C’est peut-être ce qui est en train de se profiler. Le favori à la présidence de la CDU, Friedrich Merz, est un adversaire de longue date au sein du parti et un tenant d’une ligne plus libéral-conservatrice pour la CDU. La secrétaire générale de la CDU et protégée d’Angela Merkel, Annegret Kramp-Karrenbauer, n’est qu’en seconde position dans les sondages. Quelle conséquence en cas de tandem Merkel-Merz ? La chancelière aurait encore plus de mal à contrôler son propre parti. En 2021, Friedrich Merz serait le mieux placé pour succéder à Angela Merkel à la tête du gouvernement allemand, à moins que la lassitude du SPD ne fasse tomber Mutti Merkel avant. En cas de victoire de Kramp-Karrenbauer, la situation serait peut-être plus gérable, et en cas de nouvelle victoire en 2021, l’héritage d’Angela Merkel serait peut-être mieux préservé.

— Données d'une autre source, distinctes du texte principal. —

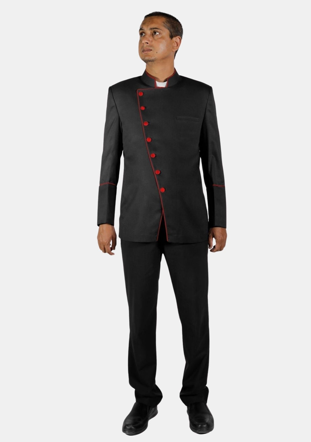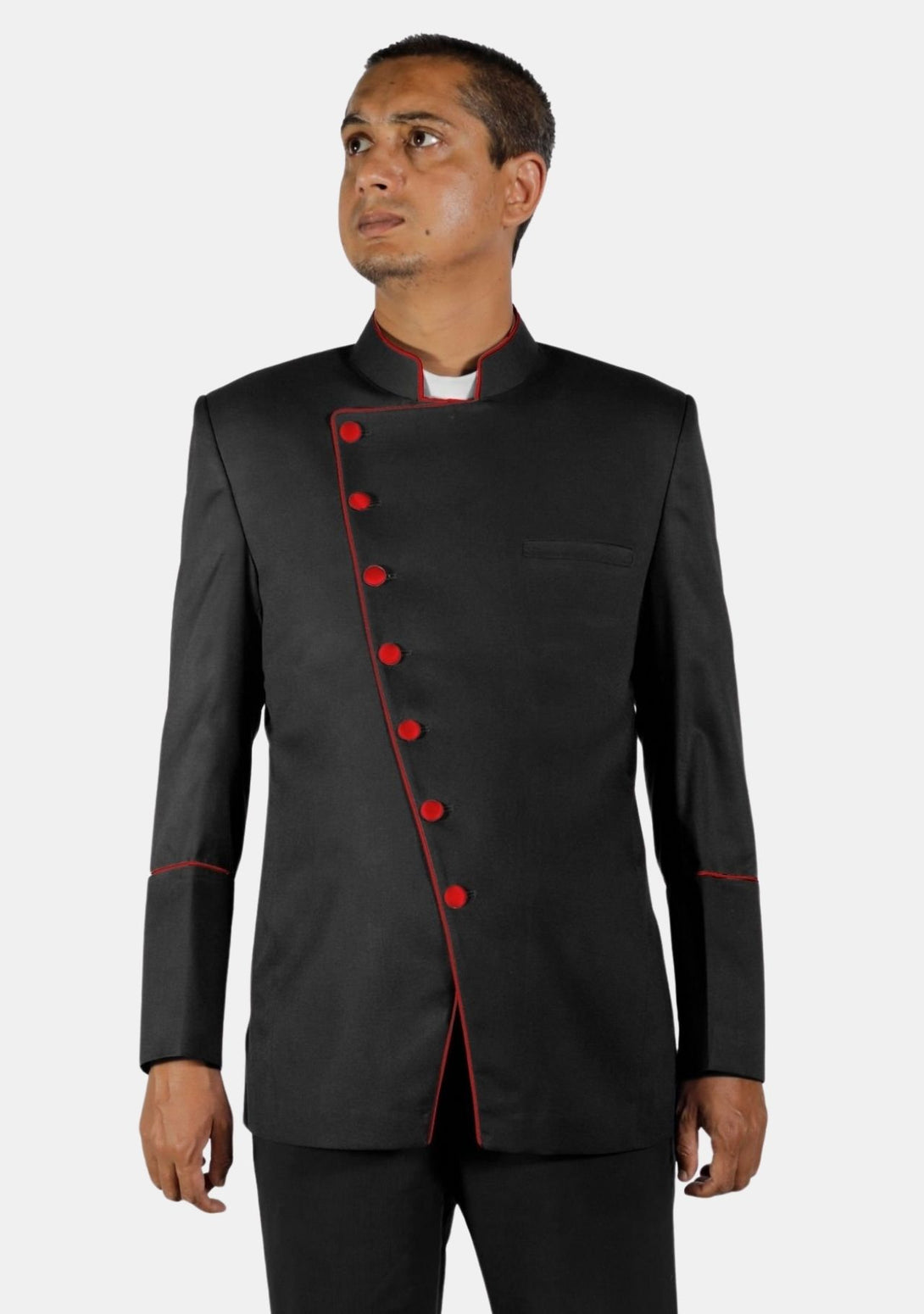 Nous vous proposons notre veste de prêtre noire et rouge, confectionnée avec soin, à la fois élégante et confortable. Dotée d'un style croisé, elle convient à divers événements.

Au final, Angela Merkel s’en ira un jour. On ne sait juste pas quand. Ce sera probablement en 2021, mais peut-être avant si le gouvernement chute. Son influence peut en revanche perdurer après 2021 si elle parvient à placer ses hommes et femmes de confiance aux postes clés.

Angela Merkel et l’Europe, une stabilité qui s’est avérée par moment instable

Si on met de côté les aspirants autocrates Vladimir Poutine et Recep Tayyip Erdogan, Angela Merkel est le chef d’état le plus ancien d’Europe, en poste depuis 2005. Elle a donc eu tout le temps de marquer l’Europe de son empreinte, d’autant plus qu’elle a connu les principales crises à la tête du gouvernement allemand depuis une décennie, de la crise financière de 2007-8 à la crise des réfugiés de 2015 en passant par la crise de la zone euro en 2012. Quel est le bilan européen d’Angela Merkel ? A-t-elle sauvé ou détruit l’idéal européen comme le disent ses défenseurs et détracteurs ? Peut-on tout simplement répondre à une question aussi binaire ?

Que ce soit pour la crise de la zone euro ou la crise des réfugiés, Angela Merkel a voulu à tout prix préserver la stabilité du continent européen (à quoi pourrait-on s’attendre d’autre, venant d’une femme politique allemande de droite ?). Son intransigeance concernant la rigueur budgétaire dans les pays frappés par la crise de la dette souveraine vient de sa peur de voir les spreads souverains s’accentuer et faire exploser la zone euro. Sa décision d’accueillir des centaines de milliers de réfugiés en 2015 et 2016 s’explique par un devoir moral, doublé d’une volonté de sécuriser les frontières extérieures de l’UE et de soulager les pays du Sud en contournant le Règlement de Dublin. Vouloir préserver la stabilité de l’Europe a néanmoins eu des effets collatéraux : l’austérité a broyé les économies déjà fragilisées (surtout en Grèce) et la Willkommenskultur à l’égard des réfugiés a rencontré de vives résistances en Europe centrale et orientale ainsi que la montée des mouvements populistes de droite dans quasiment tous les pays, et particulièrement en Allemagne, relativement épargnée jusqu’ici.

Le bilan européen d’Angela Merkel peut être nuancé et critiqué, toujours est-il qu’elle va laisser un immense vide en Europe après son départ. Emmanuel Macron peut-il reprendre le flambeau ? Avec son affaiblissement dans les sondages en France et sa dichotomisation du projet européen (« c’est nous ou les eurosceptiques », en oubliant parfois qu’une Europe néolibérale n’est pas l’unique solution), il est permis d’en douter.